Transcriptome Analysis Reveals the Mechanism of Exogenous Selenium in Alleviating Cadmium Stress in Purple Flowering Stalks (Brassica campestris var. purpuraria)

Zhi Huang  1 Shiling Meng  1 Juan Huang  1 Wende Zhou  1 Xiaoli Song  1 Peiyao Hao  1 Peigen Tang  1 Yihan Cao  1 Fen Zhang  1 Huanxiu Li  1 Yi Tang  1 Bo Sun  1
Affiliations

Transcriptome Analysis Reveals the Mechanism of Exogenous Selenium in Alleviating Cadmium Stress in Purple Flowering Stalks (Brassica campestris var. purpuraria)

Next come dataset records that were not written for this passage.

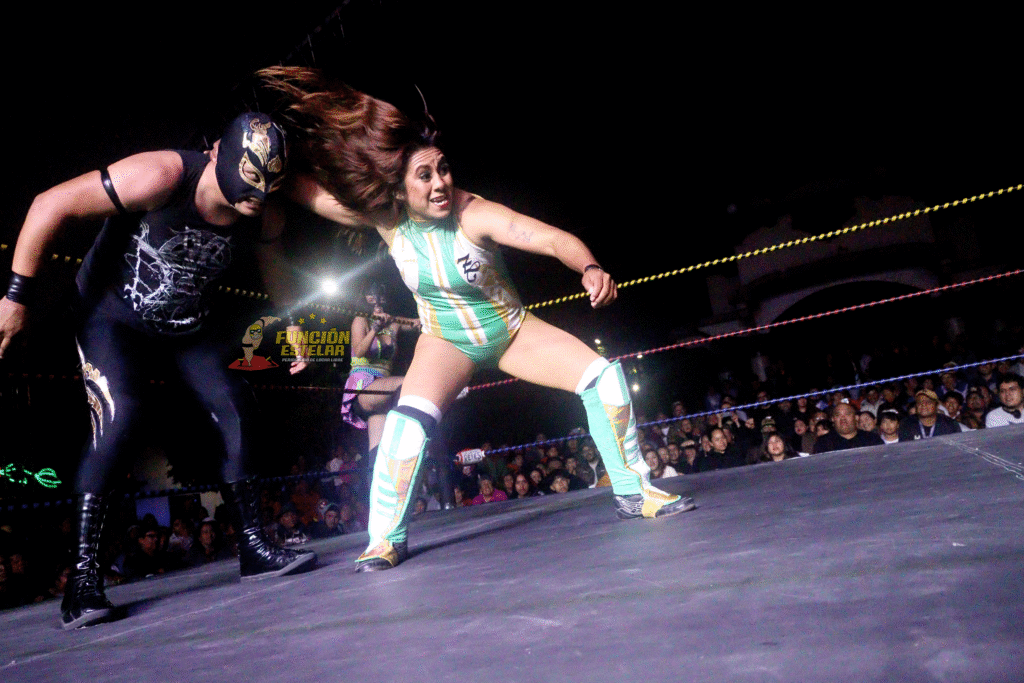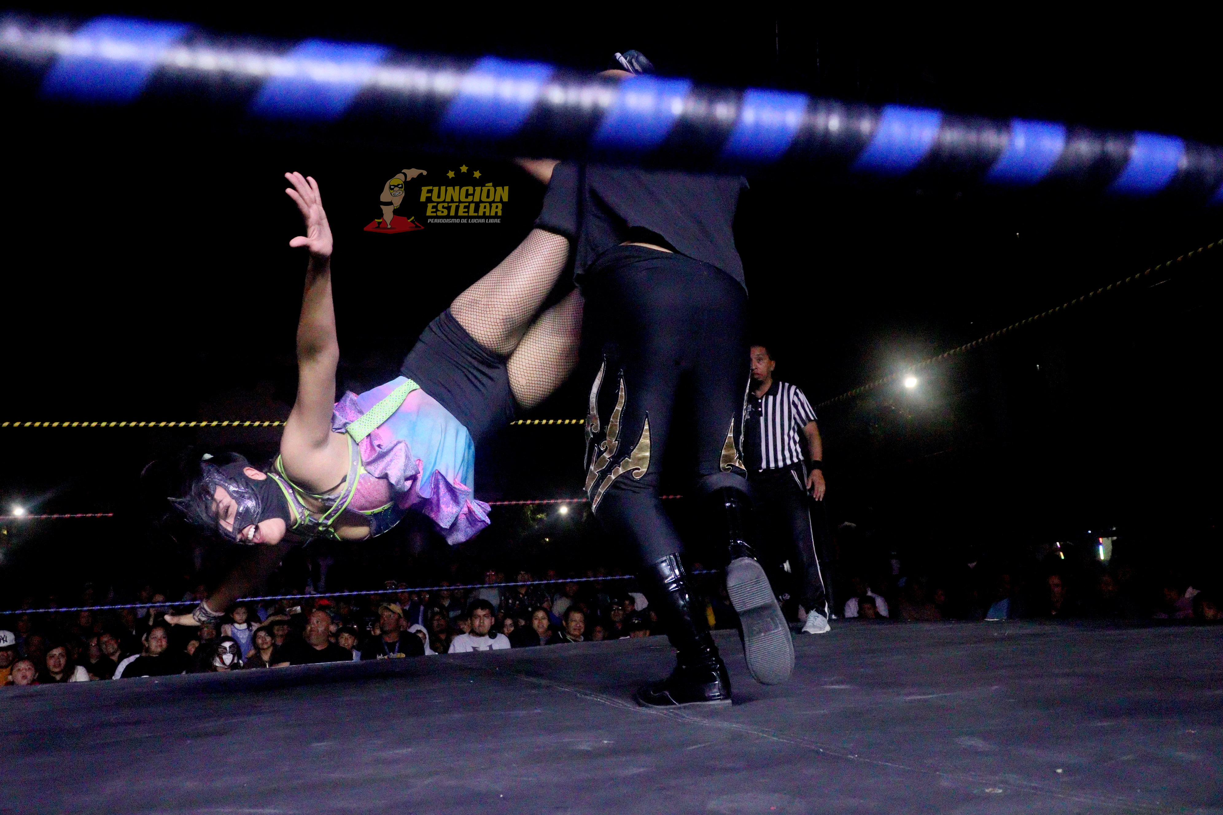 Una lucha en formato mixto fue la que se llevó a cabo momentos antes, en una esquina la ruda más complete y sabia de Tulancingo Zuzu Divine, y actual campeona Universal Attack subió acompañada de Nigth Bitch.
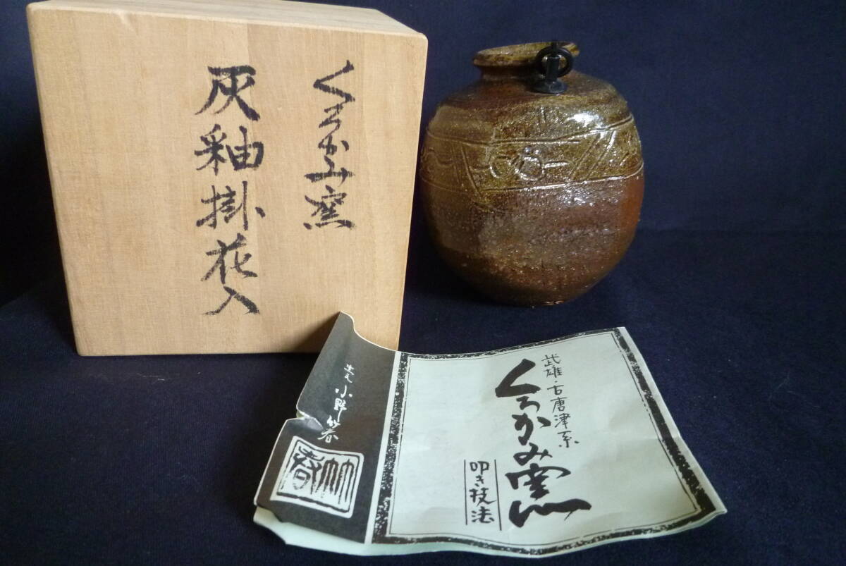 - 真作保証『くろかみ窯』武雄古唐津 代表作 叩き技法 灰釉掛花入 小野竹春 造 共箱 冊子付 50000円「鶴瓶の家族に乾杯」放映
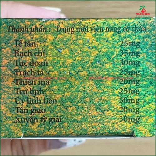 - Tế tân (細辛) - 25mg: Vị thuốc cay ấm, có tác dụng giải biểu tán hàn, khử phong chỉ đau, ôn phế hóa ẩm. Tế tân đặc biệt hiệu quả trong việc điều trị các chứng đau đầu, đau răng, đau nhức xương khớp do phong hàn thấp. Dược liệu này có khả năng xuyên thấu sâu vào kinh lạc, thông khiếu, giảm đau nhanh chóng.
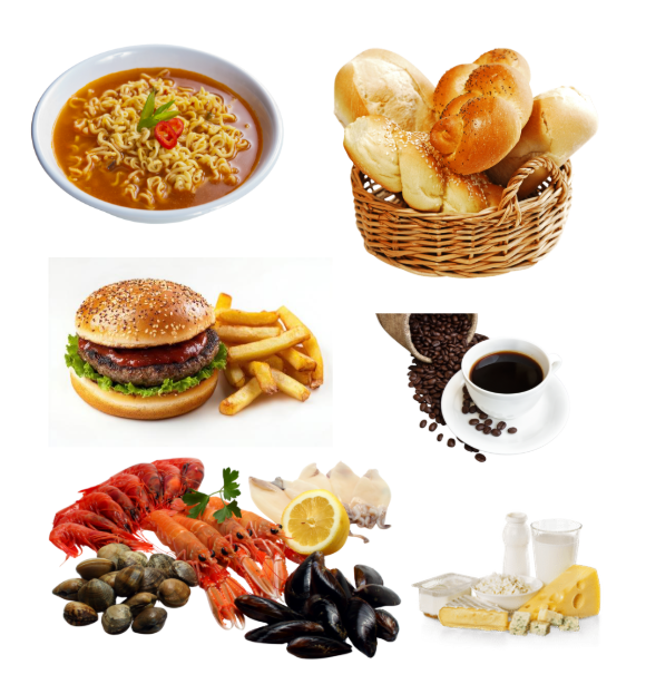 - 글루텐 함유 식품: 밀, 보리, 라면, 빵 등
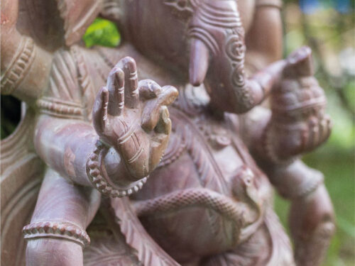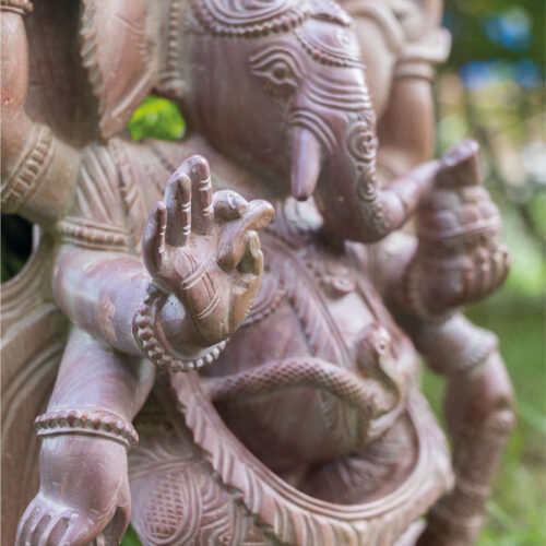 “No. I tried capturing my son in the image. He loves to eat and is devoted to his mother. Now I am worried that I have not put little baskets of fruit at the idol’s feet” says our master craftsman as he goes back to carving his little stone basket.

Zhi Huang et al. Int J Mol Sci. .

Abstract

In China, cadmium (Cd) stress has a significant role in limiting the development and productivity of purple flowering stalks (Brassica campestris var. purpuraria). Exogenous selenium supplementation has been demonstrated in earlier research to mitigate the effects of Cd stress in a range of plant species; nevertheless, the physiological and molecular processes by which exogenous selenium increases vegetable shoots' resistance to Cd stress remain unclear. Purple flowering stalks (Brassica campestris var. purpuraria) were chosen as the study subject to examine the effects of treatment with sodium selenite (Na2SeO3) on the physiology and transcriptome alterations of cadmium stress. Purple flowering stalk leaves treated with exogenous selenium had higher glutathione content, photosynthetic capacity, and antioxidant enzyme activities compared to the leaves treated with Cd stress alone. Conversely, the contents of proline, soluble proteins, soluble sugars, malondialdehyde, and intercellular CO2 concentration tended to decrease. Transcriptome analysis revealed that 2643 differentially expressed genes (DEGs) were implicated in the response of exogenous selenium treatment to Cd stress. The metabolic pathways associated with flavonoid production, carotenoid synthesis, glutathione metabolism, and glucosinolate biosynthesis were among those enriched in these differentially expressed genes. Furthermore, we discovered DEGs connected to the production route of glucosinolates. This work sheds fresh light on how purple flowering stalks' tolerance to cadmium stress is improved by exogenous selenium.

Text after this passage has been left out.